Comment 10 QA Administrators 2018-08-17 02:38:01 UTC Comment hidden (obsolete)
Comment 11 V Stuart Foote 2018-08-17 16:08:39 UTC
This remains a valid issue with the Special Character dialog. It need design and dev work.
Comment 12 QA Administrators 2019-08-19 06:58:51 UTC Comment hidden (obsolete)
Comment 13 V Stuart Foote 2019-08-19 11:42:11 UTC
This remains a valid issue with the Special Character dialog.

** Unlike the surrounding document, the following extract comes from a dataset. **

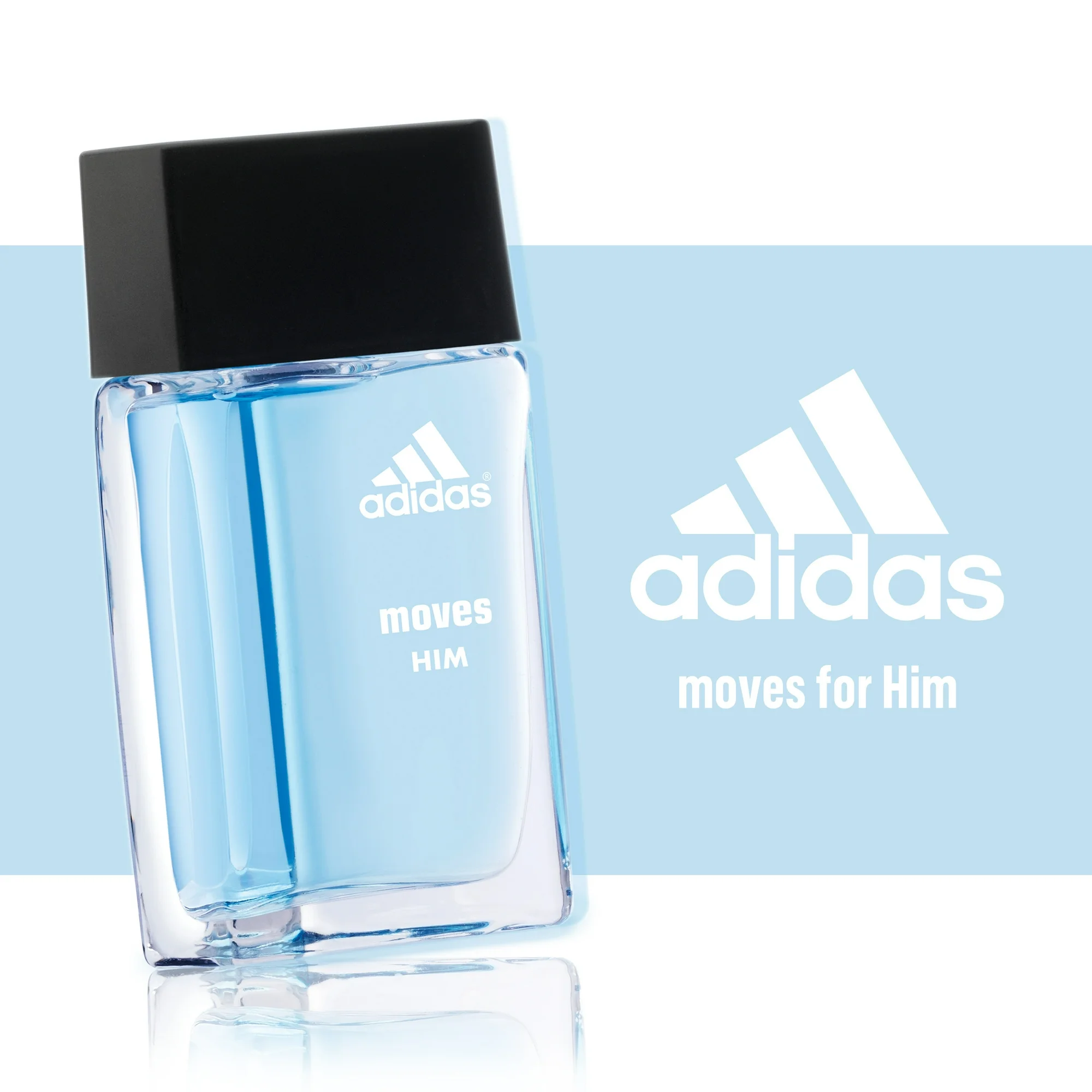 - adidas Moves for Him is an energetic, aromatic fougere fragrance. It is invigorating, stimulating and crisp for all the ways you play.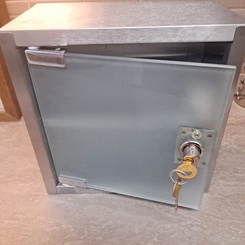 Musta metallinen lukollinen kaappi. Soveltuu esimerkiksi työkalujen tai muiden tarvikkeiden säilytykseen.

It needs design and dev work.
Comment 14 Samuel Mehrbrodt (allotropia) 2019-08-19 11:53:21 UTC
Pro tip: set Importance to "enhancement" and voilà, "QA Administrators" will stop nagging )
Comment 15 V Stuart Foote 2019-08-19 12:12:21 UTC
Well sure, but I'd argue there were multiple implementation issues when the dialog was reworked under GSOC mentorship.

Issue of OP remains, the SMP codepoint value is truncated allowing search only for a BMP glyph.
Comment 16 Heiko Tietze 2023-06-06 10:27:07 UTC
(In reply to V Stuart Foote from comment #11)
> This remains a valid issue with the Special Character dialog. It need design
> and dev work.

The only reasonable way to search for a code point is to enter it in the search field. Using the hex/dec information of the selected item to search for something would be error-prone and hard to understand. 

We have to detect "U+<number>" and switch the search respectively. No further modification to the UI needed.

I could also imagine a filter for the font list that removes fonts that do not contain the code point or the name entered at search.